DATA LISTING section start

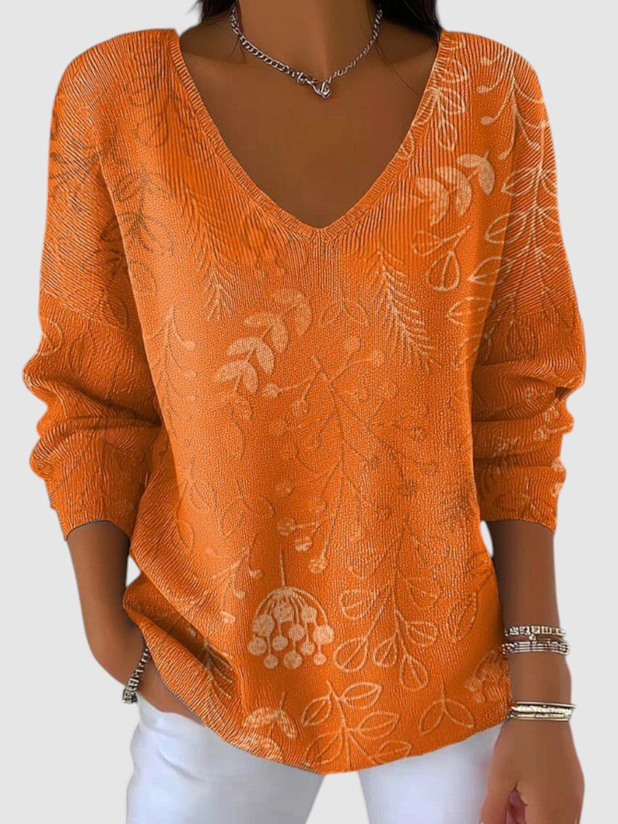 Elegantní a pohodlný svetr, který kombinuje moderní design s decentním vzorem. Výstřih do V opticky prodlužuje postavu a dodává ženský vzhled, zatímco volnější střih zajišťuje maximální pohodlí při nošení. Perfektní k džínům, sukni i elegantním kalhotám.
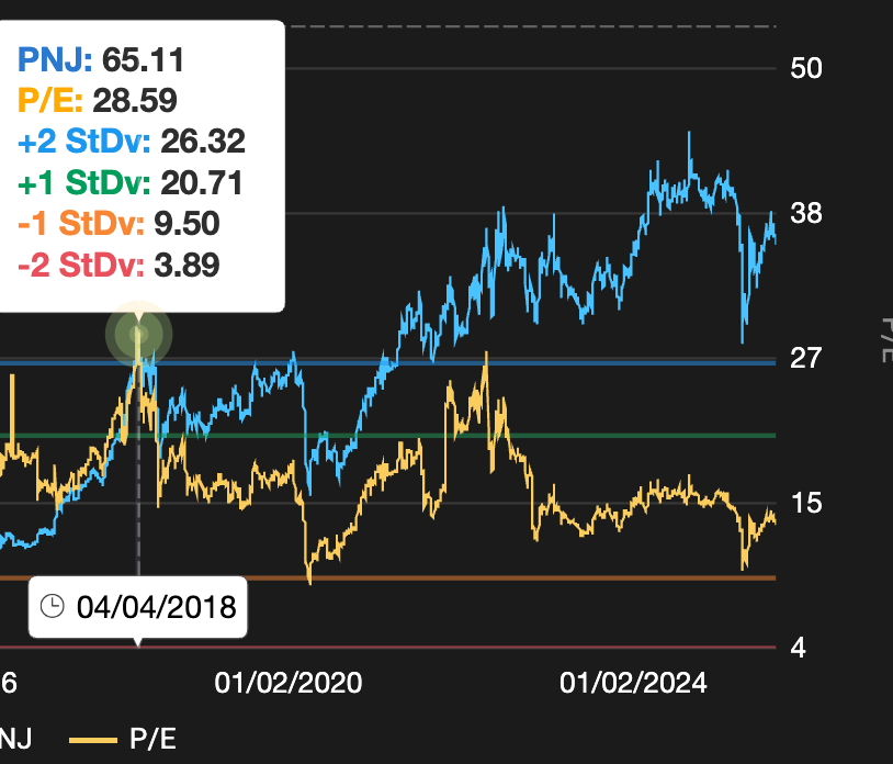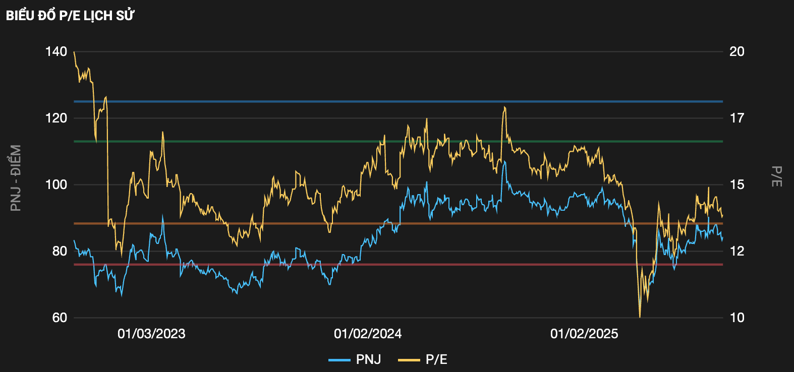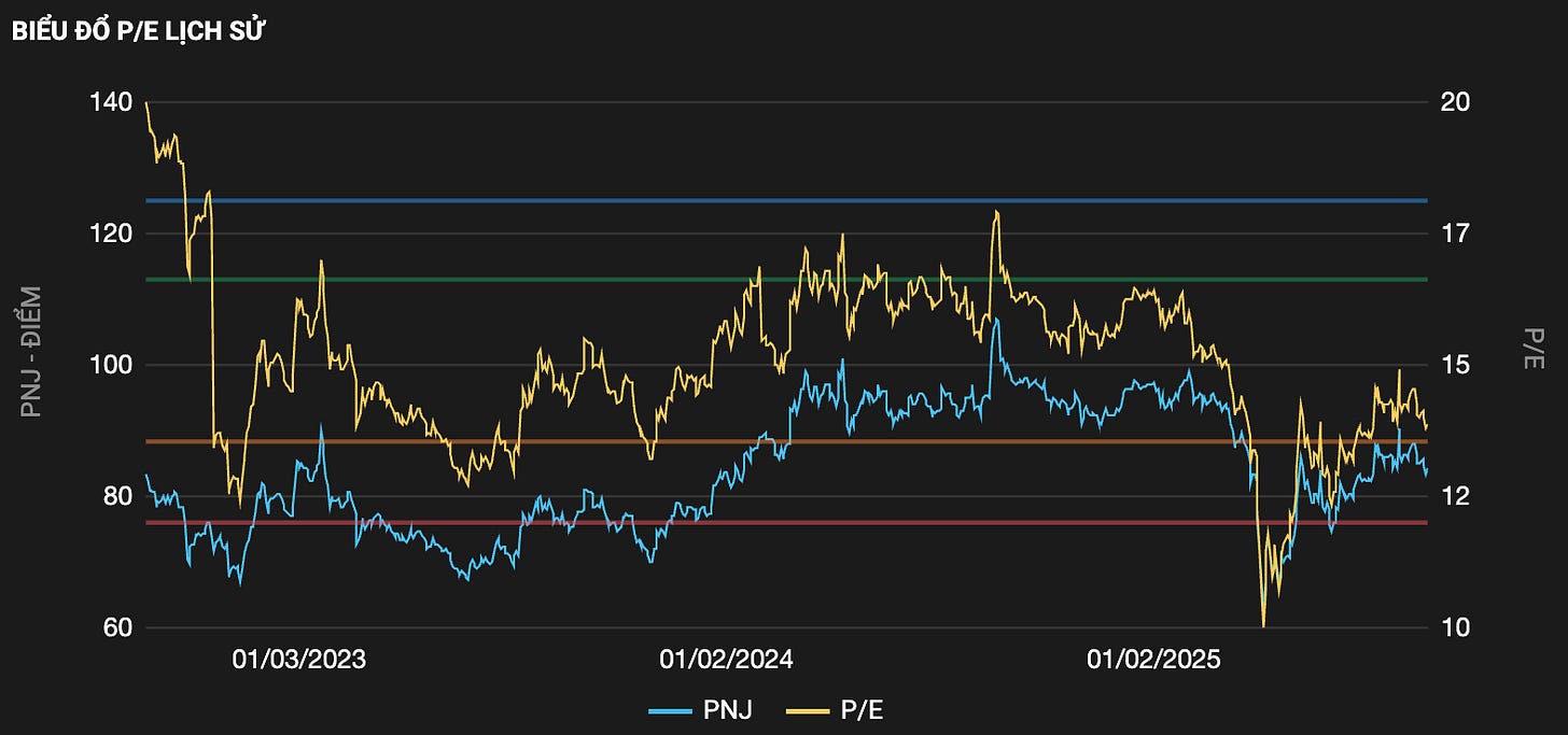 Tại mức vốn hóa 28k tỷ ~ 84.000đ/CP ngày 26/08/2025, PNJ đang được giao dịch tại mức P/E TTM ~13.8 lần nếu chưa loại trừ khen thưởng phúc lợi (~15 lần nếu loại đi KTPL). Đây là mức khá hấp dẫn cho một doanh nghiệp quy mô lớn có tăng trưởng kép CAGR ~ 14% trong 5 năm tới (tham khảo dự phóng của Vietcap)
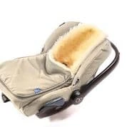Temperaturausgleichender Lammfell Autoschalen Fußsack Maxi wie Maxi-Cosi. Dank abnehmbarem Oberteil für jede Jahreszeit geeignet.
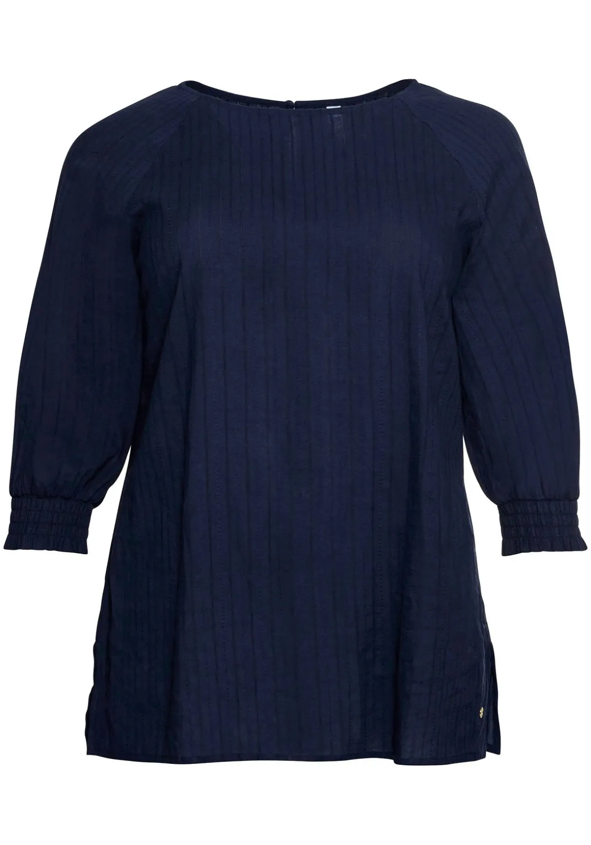 Der dezent transparente Blusenstoff ist aus reiner Baumwolle gearbeitet. Absolut blickdicht wird die Tunika in Kombination mit einem Unterziehtop.
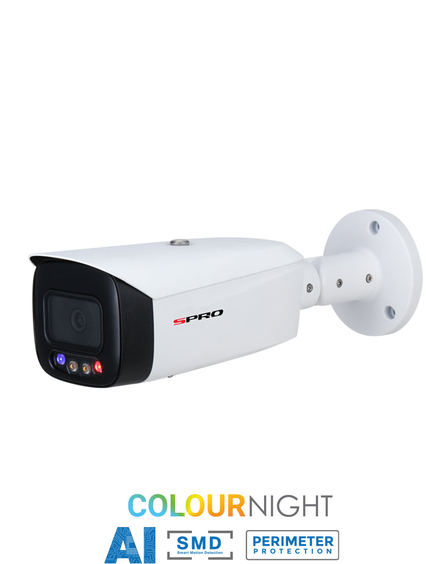 Stop crime in its tracks with the SPRO 5MP IP Fixed Lens Bullet Camera. Featuring red and blue flashing lights, 2-way audio, and pre-recorded messages, it's designed to deter potential criminals. Plus, with ColourNight technology, you'll have full-color images even in the dark.
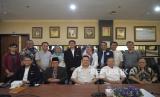 Tamu undangan berfoto usai acara penandatanganan kerjasama di Ruang Sidang Fakultas Sains dan Teknologi UIN Syarif Hidayatullah Jakarta, Senin (18/12/2023). Republika bekerjasama dengan Pusat Sains dan Teknologi UIN Syarif Hidayatullah Jakarta serta Fakultas Sains dan Teknologi UIN Syarif Hidayatullah Jakarta dalam bidang Pendidikan dan Pelatihan Teknologi Informasi (TI), Program Profesional Peserta Didik dan Magang dalam Inovasi Sains dan Teknologi serta hal-hal lain yang terkait dan atau mendukung TI. Kerja Sama ini bertujuan untuk membangun kerja sama yang produktif, efektif dan sinergis. (FOTO : Republika/Prayogi)
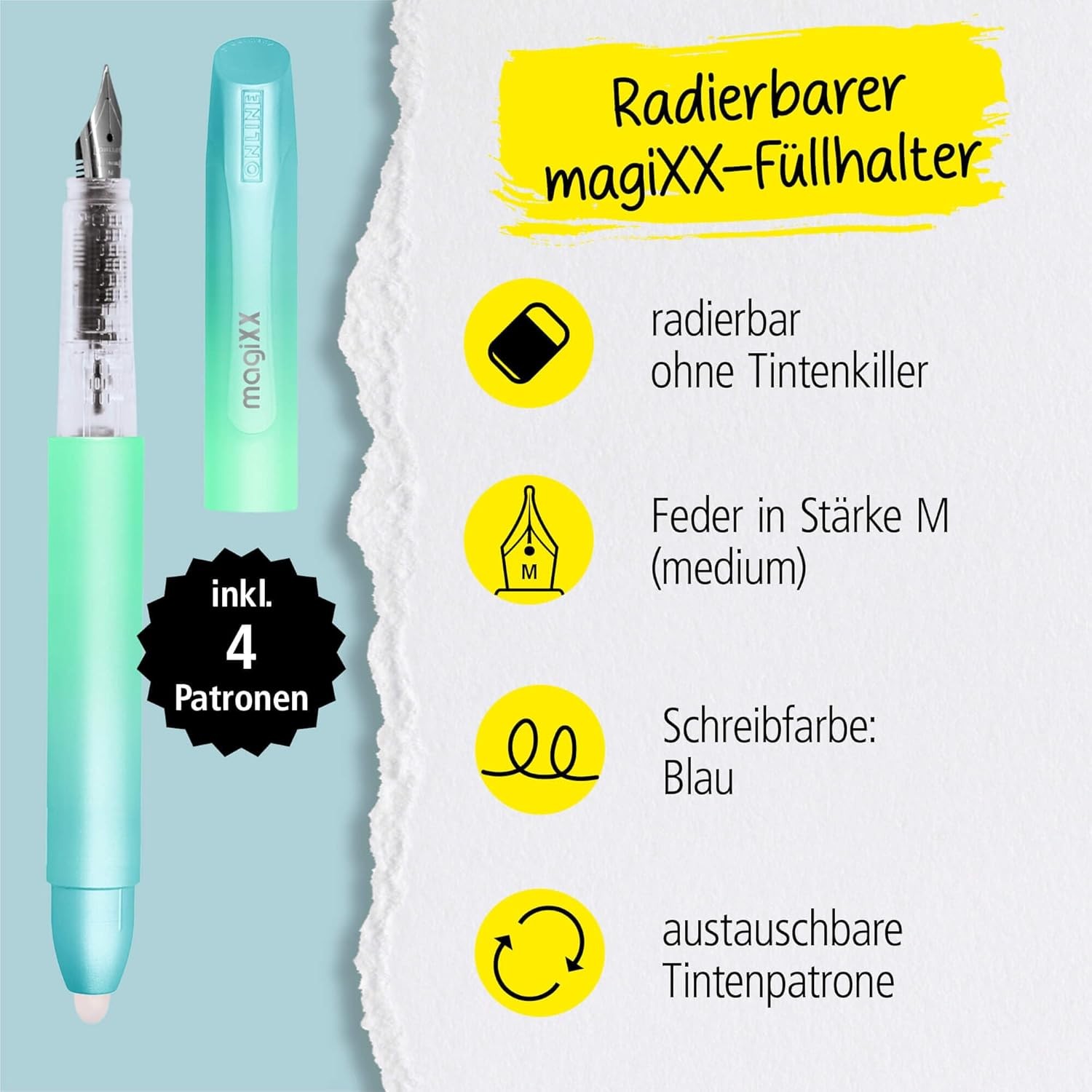 Produktinformationen "Radierbarer Füller für Schule - MagiXX Türkis/Silber + 4 Patronen blau Online - turquoise dreams"
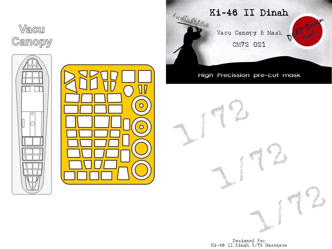 Dead Design Models - 1/72 Mitsubishi Ki-46-II Dinah vacu canopy and masks for Hasegawa

DATA LISTING section end

EXERCISE BRIEF ::
Output, exactly and without pictures, the lines above that run from the one containing "Tamu undangan berfoto" through the last line of the entries, inclusive.

YOUR RESPONSE ::
 Tamu undangan berfoto usai acara penandatanganan kerjasama di Ruang Sidang Fakultas Sains dan Teknologi UIN Syarif Hidayatullah Jakarta, Senin (18/12/2023). Republika bekerjasama dengan Pusat Sains dan Teknologi UIN Syarif Hidayatullah Jakarta serta Fakultas Sains dan Teknologi UIN Syarif Hidayatullah Jakarta dalam bidang Pendidikan dan Pelatihan Teknologi Informasi (TI), Program Profesional Peserta Didik dan Magang dalam Inovasi Sains dan Teknologi serta hal-hal lain yang terkait dan atau mendukung TI. Kerja Sama ini bertujuan untuk membangun kerja sama yang produktif, efektif dan sinergis. (FOTO : Republika/Prayogi)
 Produktinformationen "Radierbarer Füller für Schule - MagiXX Türkis/Silber + 4 Patronen blau Online - turquoise dreams"
 Dead Design Models - 1/72 Mitsubishi Ki-46-II Dinah vacu canopy and masks for Hasegawa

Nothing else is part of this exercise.